GOING TO SEA.
The Lewis witches were accounted the best for raising wind. A large number of them were at one time destroyed in the following manner. A tailor, working in a farmer’s house, where there happened at the time to be a scarcity of seasoning for dinner (gann-do-dh’annlan), was told by the farmer’s wife, this would not be the case to-morrow, if he could get breakfast past without the goodman saying grace. The tailor managed this, and his curiosity being roused, remained awake the following night, to see what the wife would do. He saw a number of women, among whom he recognised his own wife, assembling in the farm-house and accompanied by the farmer’s wife, disappearing up the chimney, each in a wicker creel. In the morning the farmer’s wife came back with her creel full of fresh herring. The tailor, when he went home, strongly represented to his wife the propriety of allowing him to accompany the witches in their future fishing expeditions. Two shares of the fish would then fall to them instead of one. The proposal was laid before a meeting of the witches, and in the circumstances they consented.

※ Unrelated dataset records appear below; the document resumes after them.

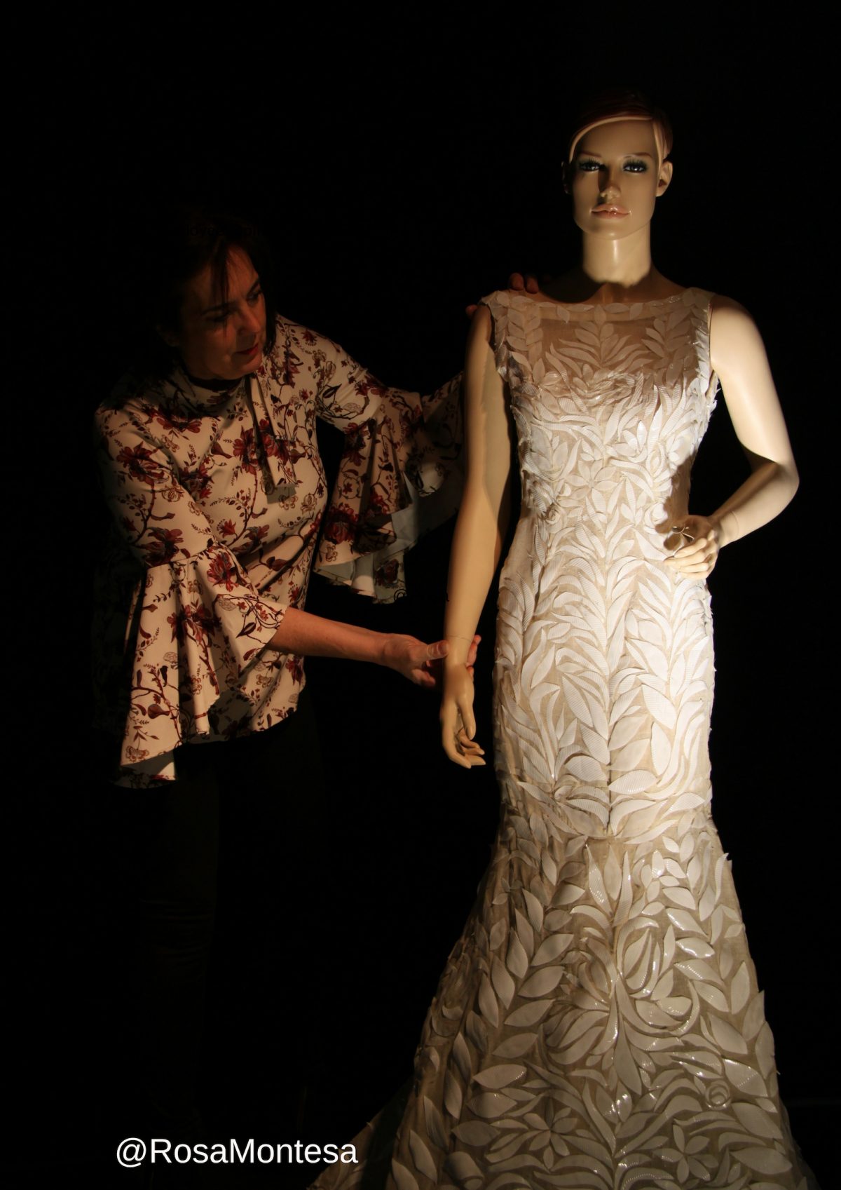 Otra pieza expuesta es un vestido de novia que ha sido embellecido con un estampado hecho con vasos de plástico.
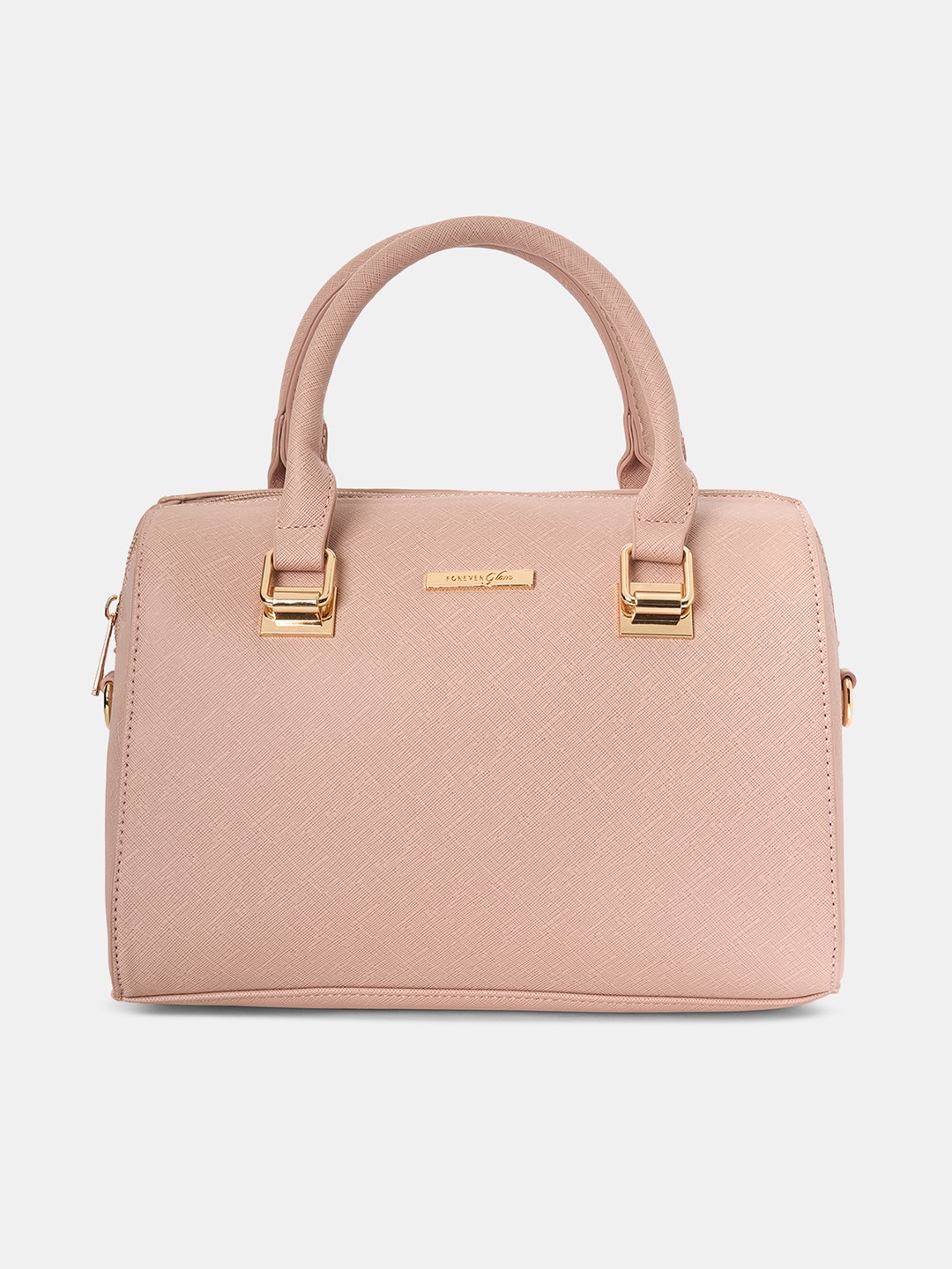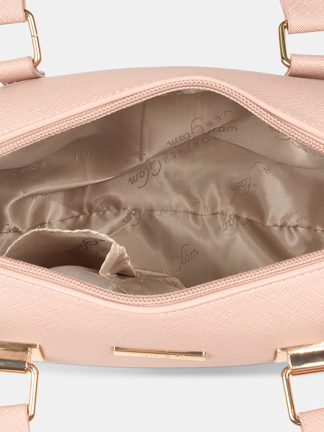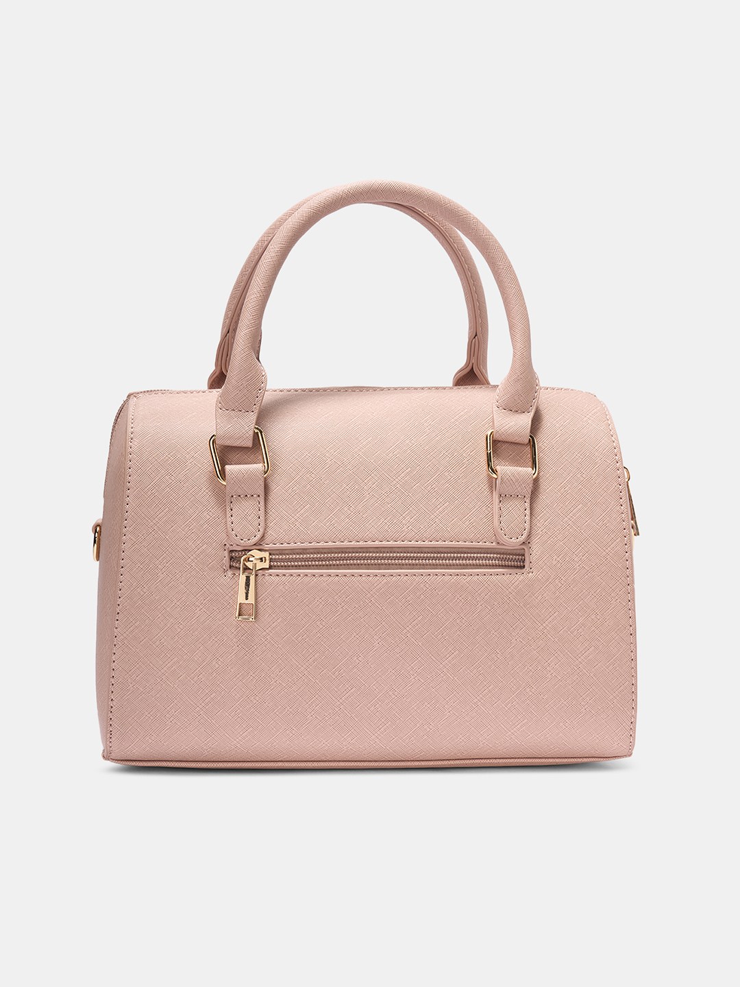 Polished and versatile, this bowling bag lends a refined touch to everyday styling. Designed with a structured silhouette in saffiano texture, twin top handles, and a detachable crossbody strap, it is finished with gold-toned accents. A zip closure and back pocket add to its functional charm.
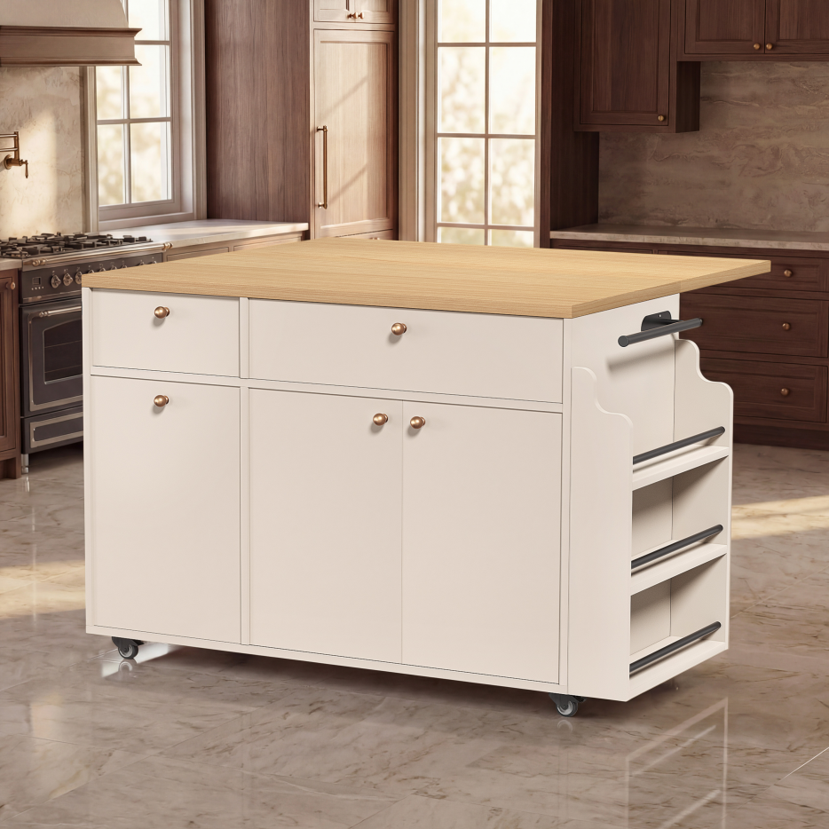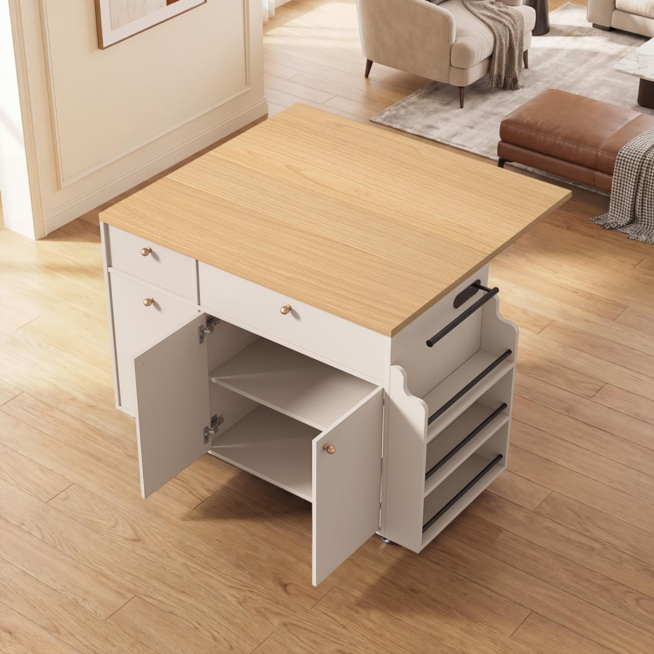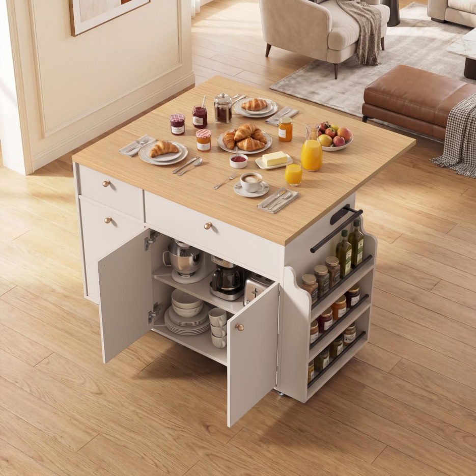 Home > Kitchen Island With Storage Rolling Kitchen Island Cart With Drop Leaf Extension, Natural Wood Top, Drawers, Spice Rack, Towel Bar, Mobile Kitchen Car

To the number of eighteen the witches went to sea on a line of worsted thread, the tailor’s wife being left ashore to hold the ball, or end of the line, in her hand. The tailor persuaded her to go with the rest, and leave him in charge of the line. She went and the tailor paid out more line, till he thought the witches far enough out at sea. He then cut the thread and allowed the whole lot to drown.
Similarly, somewhere in the north (all marvels of this kind are said in the south Highlands to have occurred in the north) a tailor was working in the house of an old woman, who knew the forbidden arts, but at the time was short of kitchen for dinner. She took a creel, sat in it, and having muttered some mystic words, disappeared through a hole in the roof that formed the chimney. In a while she came back with the creel full of herring. The tailor kept the spell in remembrance, and the first day he got the old woman out of the way, sat in the creel, and repeated it. He does not seem, however, to have learned the words quite correctly, for the creel, instead of making for the hole in the roof, rose straight up and hit his head violently against the rafters. It then floated along against the roof, as if in search of an outlet. It bumped his head a second time against the rafters and he roared out, “Where, in the curse of God, are you going now?” Instantly at the name of the Deity, the creel fell down, and the tailor dislocated his hips (chaidh e as a ghobhal). He never again dabbled in the dark science.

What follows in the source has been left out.